Sympy can handle the delta but not the Heaviside product:

sage: import sympy
sage: x,a = sympy.var("x a")
sage: sympy.integrate(x^2*sympy.DiracDelta(x -a), (x,-sympy.oo, sympy.oo))
a**2
sage: 
sage: x,x1,x2 = sympy.var('x,x1,x2')
sage: k=sympy.Heaviside(x-x1)*sympy.Heaviside(x2-x)
sage: sympy.integrate(k,(x, -sympy.oo, sympy.oo))
Integral(Heaviside(x2 - x)*Heaviside(x - x1), (x, -oo, oo))

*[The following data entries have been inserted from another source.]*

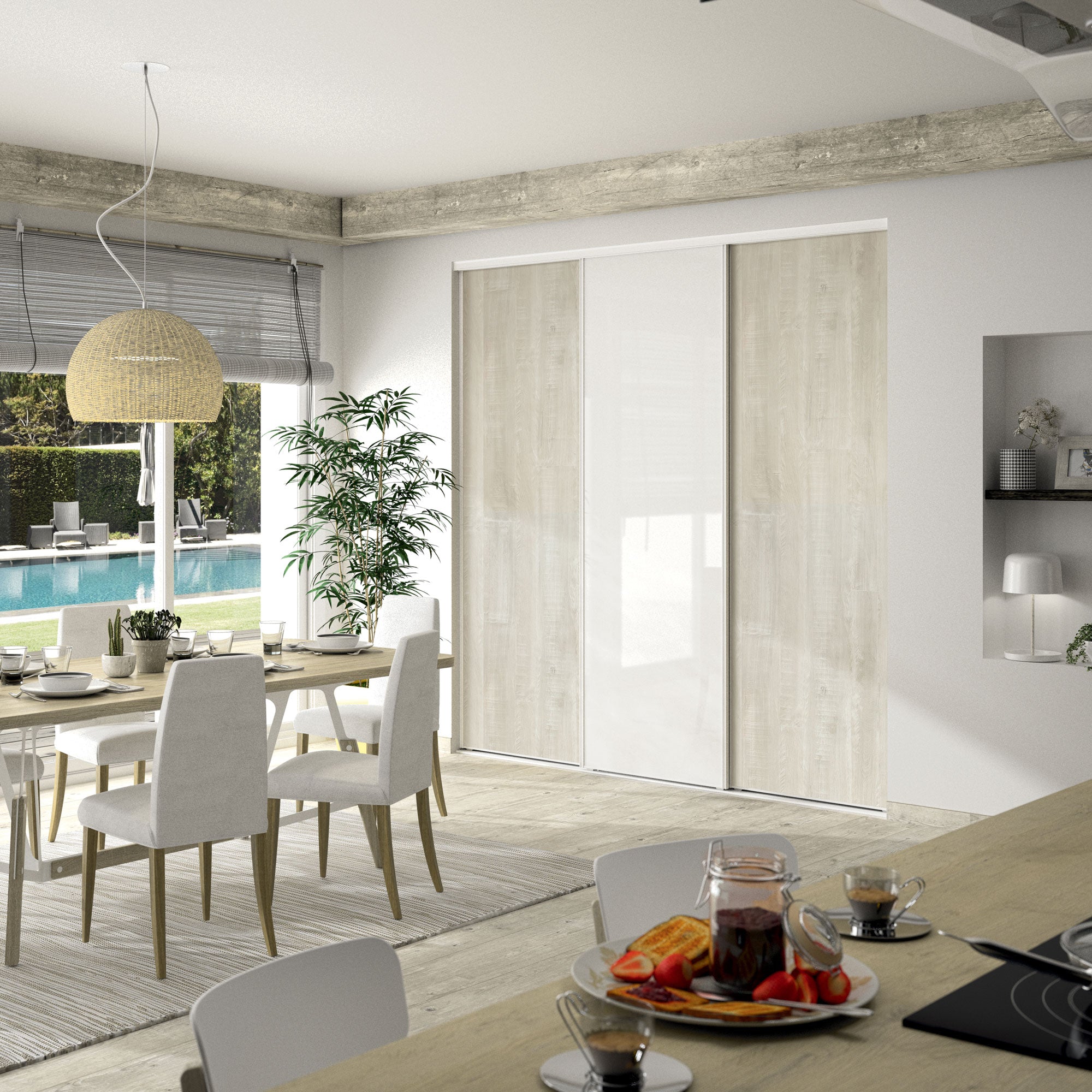 Apportez une touche estivale à votre salon avec ces portes de placard au décor bois flotté crème et en verre laqué blanc pur. L’acier laqué blanc de la structure complète l’ensemble pour un résultat éblouissant !
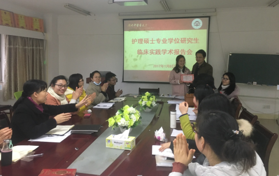2017年1月8日下午2:30,护理专业硕士研究生临床实践学术报告会在我院会议室召开,护理学院罗尧岳院长、陈偶英教授、朱正刚老师及全体研究生参加。
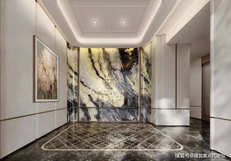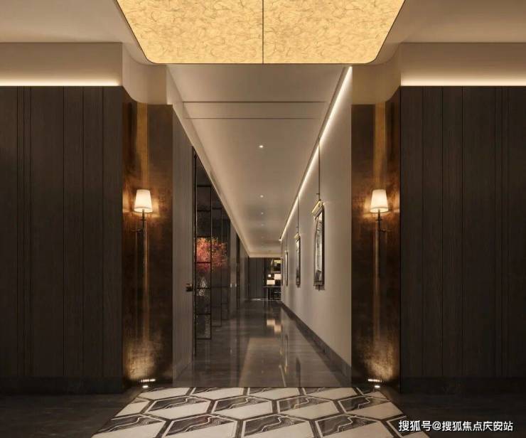 一梯一户与归家礼仪:通过错位设计实现实质的一梯一户,电梯厅成为私享空间。入户玄关采用奢石与水刀拼花工艺,营造出强烈的归家仪式感和尊贵体验。
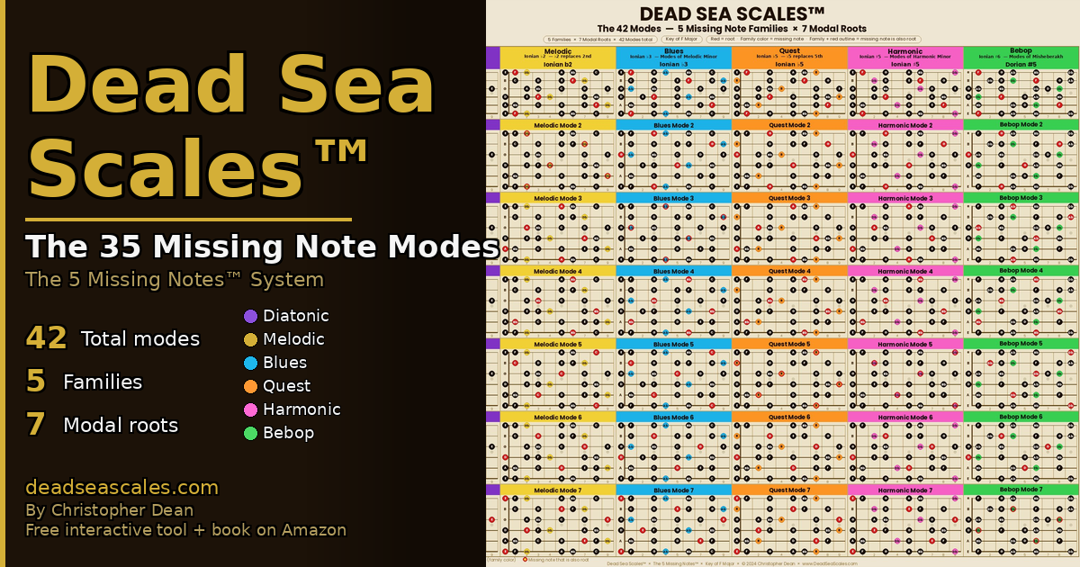 That's the Dead Sea Scales discovery: you don't need to memorize 42 separate scales. You already know the 7 diatonic shapes — now just swap one interval at a time. Each of the 5 missing notes transforms all 7 diatonic modes, giving you 5 × 7 = 35 new modes, for a total of 42 modes from just 7 shapes.

Unfortunately because of interface gaps algorithm='sympy' doesn't work:

sage: reset()
sage: var("a x")
(a, x)
sage: integral(x^2*dirac_delta(-a + x), x, -infinity, +infinity,algorithm='sympy')
ERROR: An unexpected error occurred while tokenizing input
The following traceback may be corrupted or invalid
The error message is: ('EOF in multi-line statement', (534, 0))
[...]
NotImplementedError: SymPy function 'dirac_delta' doesn't exist

The monkeypatch doesn't take much, though:

sage: reset()
sage: import sympy
sage: sympy.dirac_delta = sympy.DiracDelta
sage: sage.rings.infinity.MinusInfinity._sympy_ = lambda self: -sympy.oo
sage: var("a x")
(a, x)
sage: integral(x^2*dirac_delta(-a + x), x, -infinity, +infinity,algorithm='sympy')
a^2

A better fix would be to improve sage.symbolic.expression_conversions.sympy and add more functions to the translation table. But I have the impression that sympy-style integration is considered a dead end, which is strange to me because at least I can understand the code, whereas I wouldn't know where to begin to fix a maxima issue.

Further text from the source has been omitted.